Provided records
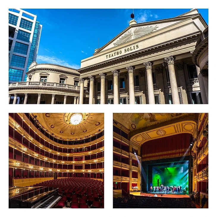 Это старейший театр не только в Уругвае, но и во всем Западном полушарии, открыт он в 1856 году. Театр должен был стать культурным центром, олицетворяющим дух зарождающегося уругвайского общества, символом стремления к гармонии и процветанию. Спроектирован он итальянским архитектором Карло Зукки, поэтому концертный зал напоминает зал театра Ла Скала в Милане, а интерьер – театра города Прадо, что недалеко от Флоренции. Назван в честь Хуана Диаса де Солиса, испанского мореплавателя, одним из первых высадившегося на месте современного Уругвая.
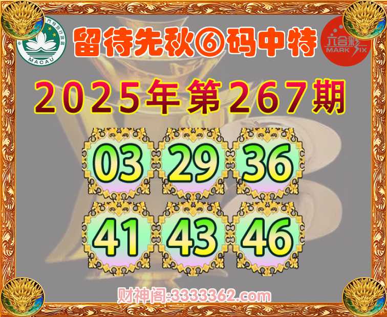 267期:【留待先秋】 🎯⑥码中特🎯【03.29.36.41.43.46】开:29
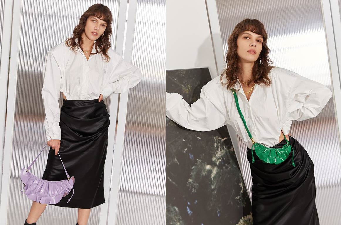▲ JÚNEE家的包款G編最推這款外型神似水餃的GYOZA包,皺褶處超美、有荷葉領的感覺,甜美、前衛兼具,而且弧形的設計其實很能裝~
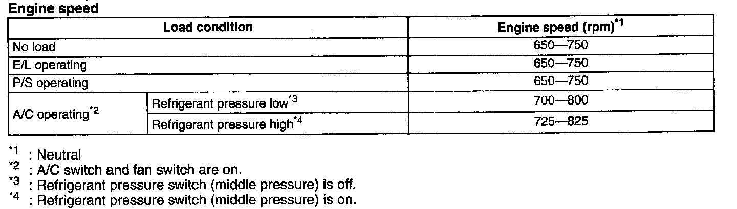 NOTE: Excludes temporary idle speed drop just after the loads are turned on.
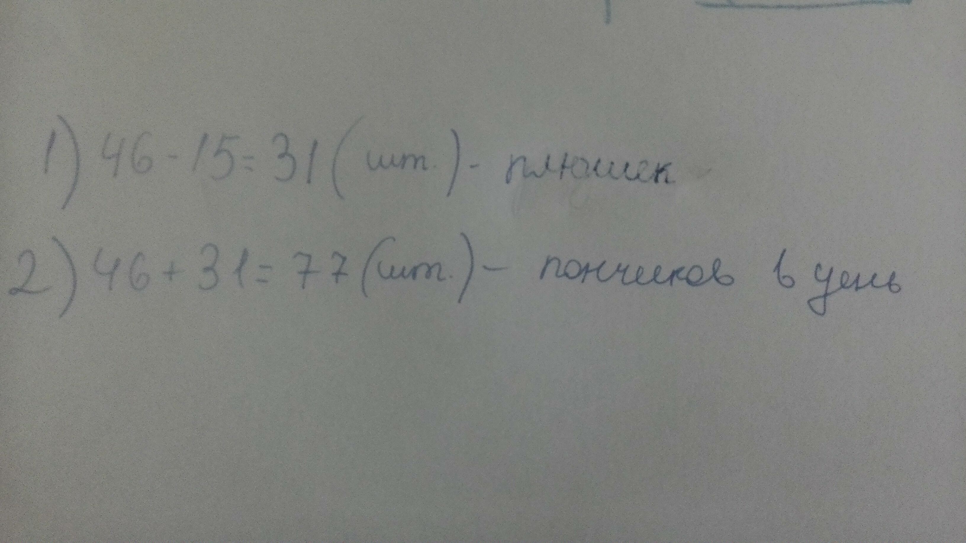 1) 46-15= 31 плюшку выпекали за день.
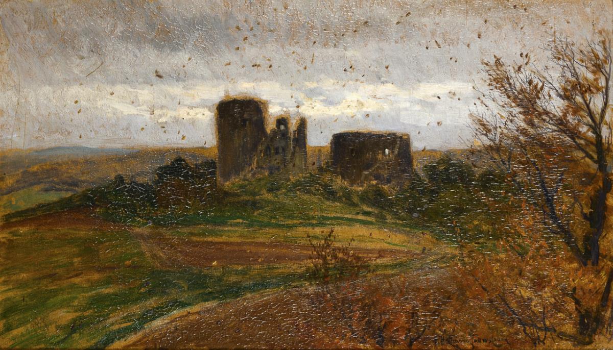 Castle walls in autumnal forest landscape under gray overcast sky. Traces of age.
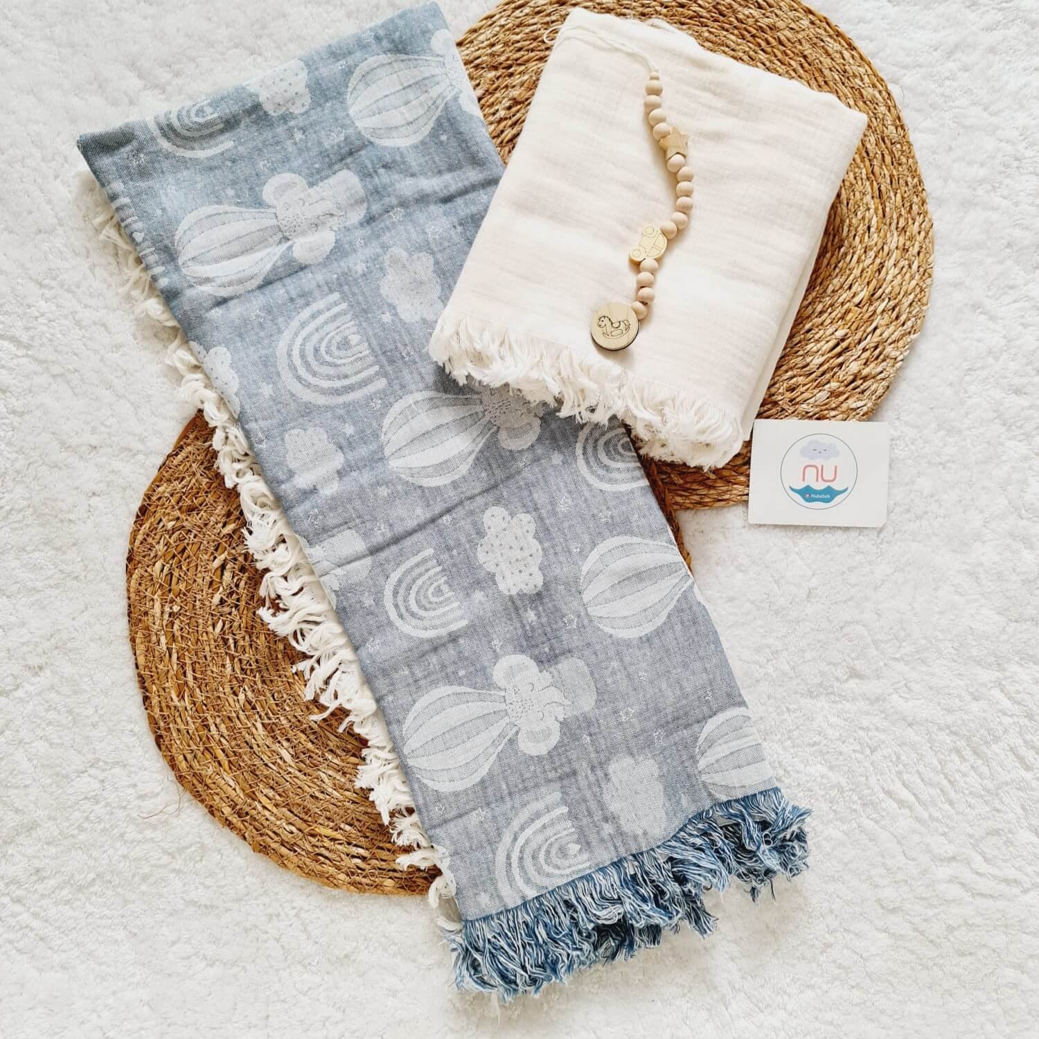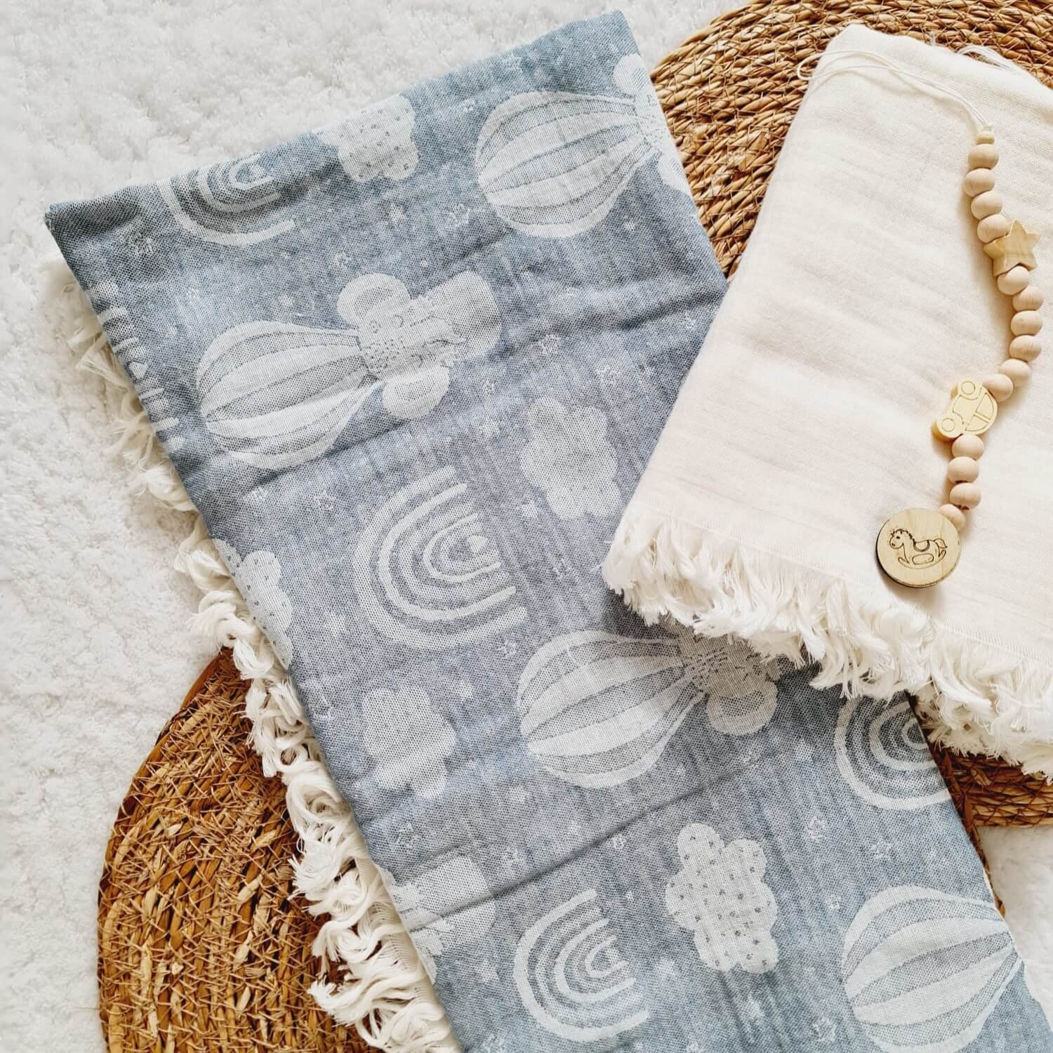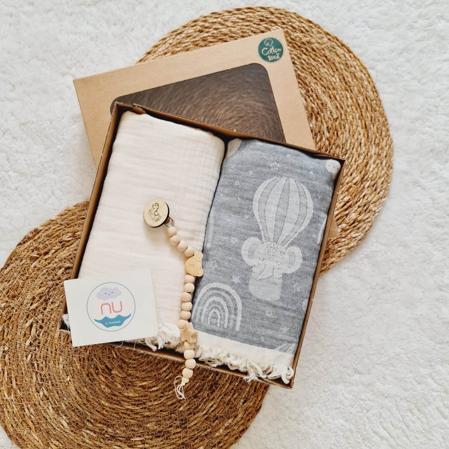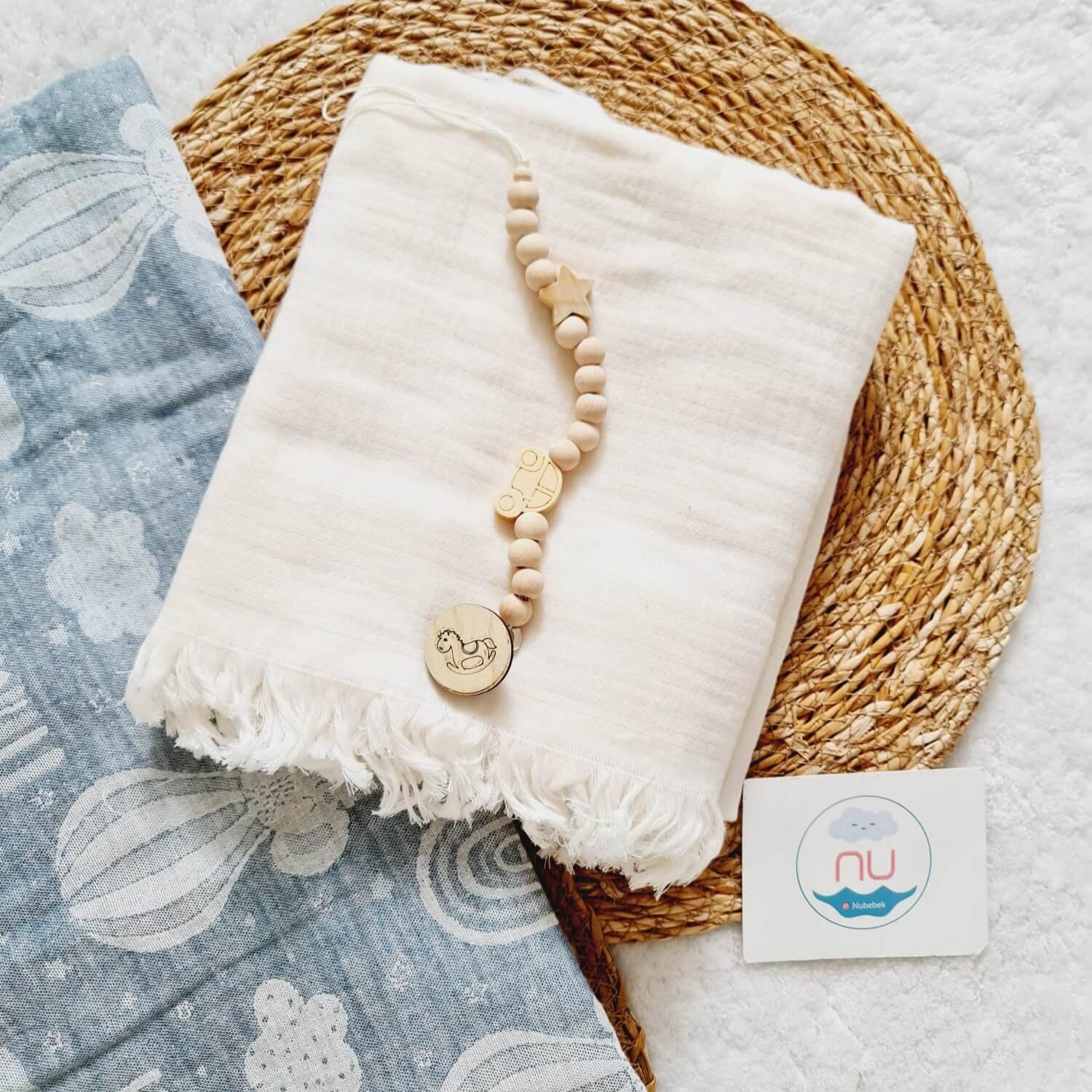 Kapadokya 2’li Bebek Müslin Seti – 2 Adet Müslin Battaniye ve Ahşap Emzik Askısı hediyeli

Instructions to follow
In the answer, retype exactly and only the lines from the one holding "1) 46-15= 31 плюшку выпекали за день." through the end of the listing, keeping both ends and dropping every picture.

Reply
 1) 46-15= 31 плюшку выпекали за день.
 Castle walls in autumnal forest landscape under gray overcast sky. Traces of age.
 Kapadokya 2’li Bebek Müslin Seti – 2 Adet Müslin Battaniye ve Ahşap Emzik Askısı hediyeli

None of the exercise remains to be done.